YOUR OBJECTIVE
The lines to repeat are those below from the one containing "當(dāng)前位置:首頁(yè) >> 新聞咨詢" down to the one containing "Growing up, my", both included; reproduce them exactly and nothing else.

MATERIAL TO PROCESS
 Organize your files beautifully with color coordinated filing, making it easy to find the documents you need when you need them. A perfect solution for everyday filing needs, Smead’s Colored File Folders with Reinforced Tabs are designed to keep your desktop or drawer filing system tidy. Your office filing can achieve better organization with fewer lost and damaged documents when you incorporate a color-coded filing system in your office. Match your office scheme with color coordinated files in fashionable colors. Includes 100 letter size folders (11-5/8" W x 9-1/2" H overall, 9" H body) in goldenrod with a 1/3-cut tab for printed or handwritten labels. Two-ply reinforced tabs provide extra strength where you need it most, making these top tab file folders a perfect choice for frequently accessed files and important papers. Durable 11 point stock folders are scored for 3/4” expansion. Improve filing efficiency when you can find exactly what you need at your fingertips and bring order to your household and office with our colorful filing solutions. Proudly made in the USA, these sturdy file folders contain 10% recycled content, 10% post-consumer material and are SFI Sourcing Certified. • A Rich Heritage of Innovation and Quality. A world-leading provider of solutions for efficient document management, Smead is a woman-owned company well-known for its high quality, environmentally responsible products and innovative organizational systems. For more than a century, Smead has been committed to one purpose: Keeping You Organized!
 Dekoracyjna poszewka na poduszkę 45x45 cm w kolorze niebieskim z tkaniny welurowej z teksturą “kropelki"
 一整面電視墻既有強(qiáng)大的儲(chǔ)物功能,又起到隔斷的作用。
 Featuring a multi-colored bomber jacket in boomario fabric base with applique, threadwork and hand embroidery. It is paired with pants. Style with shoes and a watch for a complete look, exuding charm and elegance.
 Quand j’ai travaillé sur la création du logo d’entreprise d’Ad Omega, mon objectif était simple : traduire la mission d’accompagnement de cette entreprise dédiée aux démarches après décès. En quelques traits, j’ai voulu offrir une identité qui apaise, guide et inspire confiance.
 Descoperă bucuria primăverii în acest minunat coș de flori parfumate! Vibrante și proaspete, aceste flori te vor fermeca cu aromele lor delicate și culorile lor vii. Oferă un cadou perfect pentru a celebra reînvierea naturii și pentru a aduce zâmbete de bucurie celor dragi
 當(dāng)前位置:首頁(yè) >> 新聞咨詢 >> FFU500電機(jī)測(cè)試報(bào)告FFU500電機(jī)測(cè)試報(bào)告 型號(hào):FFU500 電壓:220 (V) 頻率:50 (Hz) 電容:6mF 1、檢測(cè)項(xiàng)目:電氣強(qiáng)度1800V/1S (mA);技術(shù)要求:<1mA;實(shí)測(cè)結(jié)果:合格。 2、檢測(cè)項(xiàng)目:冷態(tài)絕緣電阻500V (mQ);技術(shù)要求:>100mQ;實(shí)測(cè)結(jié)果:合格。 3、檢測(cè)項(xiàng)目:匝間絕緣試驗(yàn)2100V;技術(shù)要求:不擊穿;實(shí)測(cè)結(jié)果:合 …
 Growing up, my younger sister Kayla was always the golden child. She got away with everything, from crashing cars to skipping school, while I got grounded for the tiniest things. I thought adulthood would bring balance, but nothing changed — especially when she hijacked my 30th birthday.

---

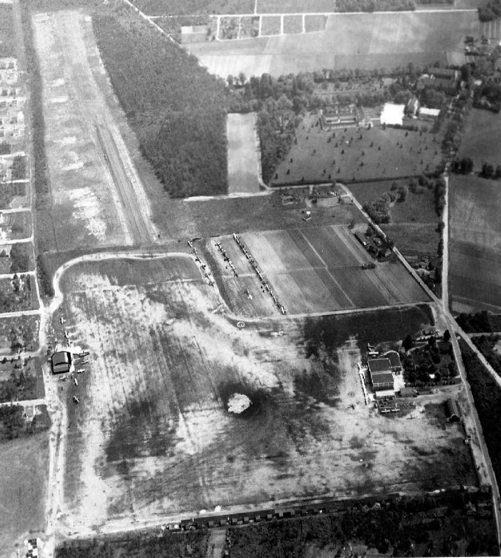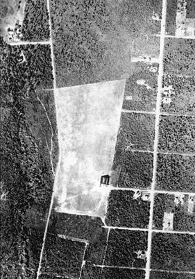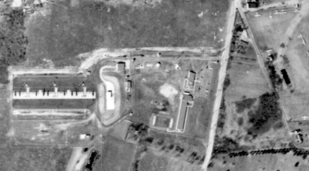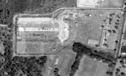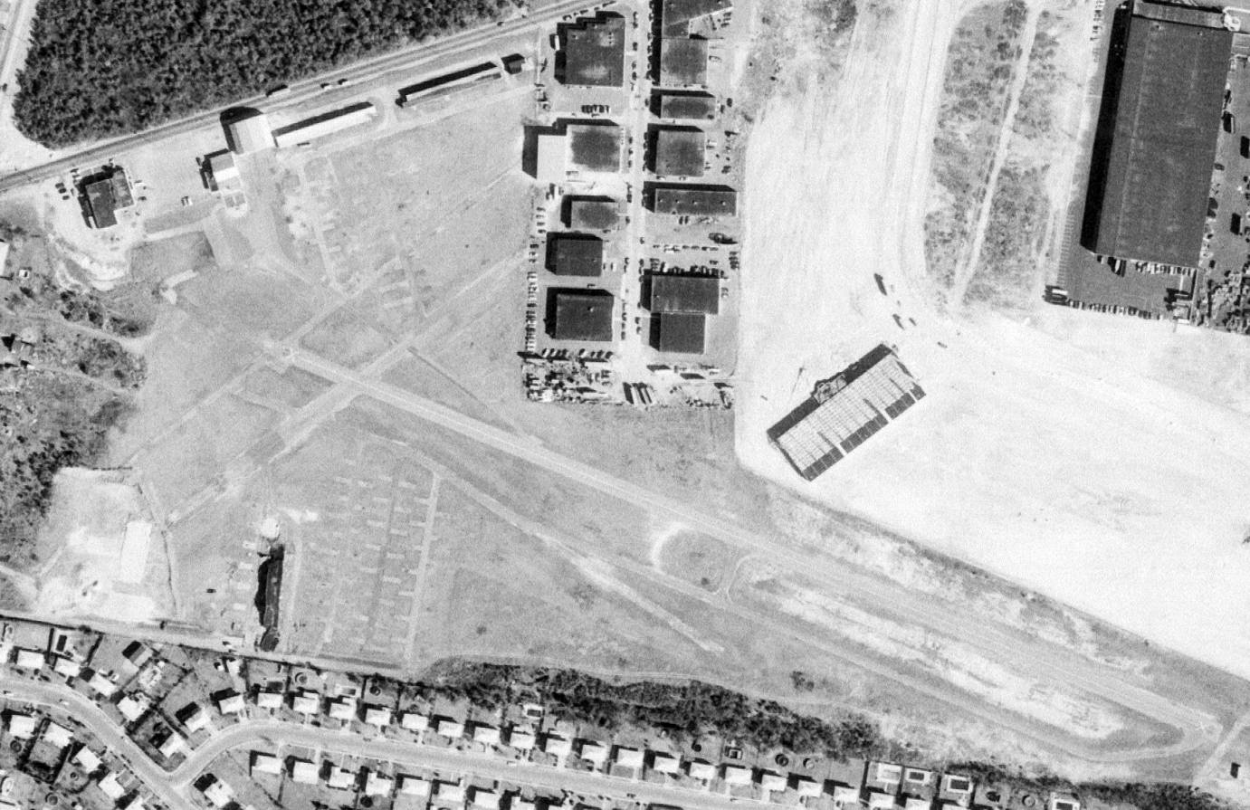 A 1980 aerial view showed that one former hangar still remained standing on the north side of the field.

ANSWER FOR THE TASK
 當(dāng)前位置:首頁(yè) >> 新聞咨詢 >> FFU500電機(jī)測(cè)試報(bào)告FFU500電機(jī)測(cè)試報(bào)告 型號(hào):FFU500 電壓:220 (V) 頻率:50 (Hz) 電容:6mF 1、檢測(cè)項(xiàng)目:電氣強(qiáng)度1800V/1S (mA);技術(shù)要求:<1mA;實(shí)測(cè)結(jié)果:合格。 2、檢測(cè)項(xiàng)目:冷態(tài)絕緣電阻500V (mQ);技術(shù)要求:>100mQ;實(shí)測(cè)結(jié)果:合格。 3、檢測(cè)項(xiàng)目:匝間絕緣試驗(yàn)2100V;技術(shù)要求:不擊穿;實(shí)測(cè)結(jié)果:合 …
 Growing up, my younger sister Kayla was always the golden child. She got away with everything, from crashing cars to skipping school, while I got grounded for the tiniest things. I thought adulthood would bring balance, but nothing changed — especially when she hijacked my 30th birthday.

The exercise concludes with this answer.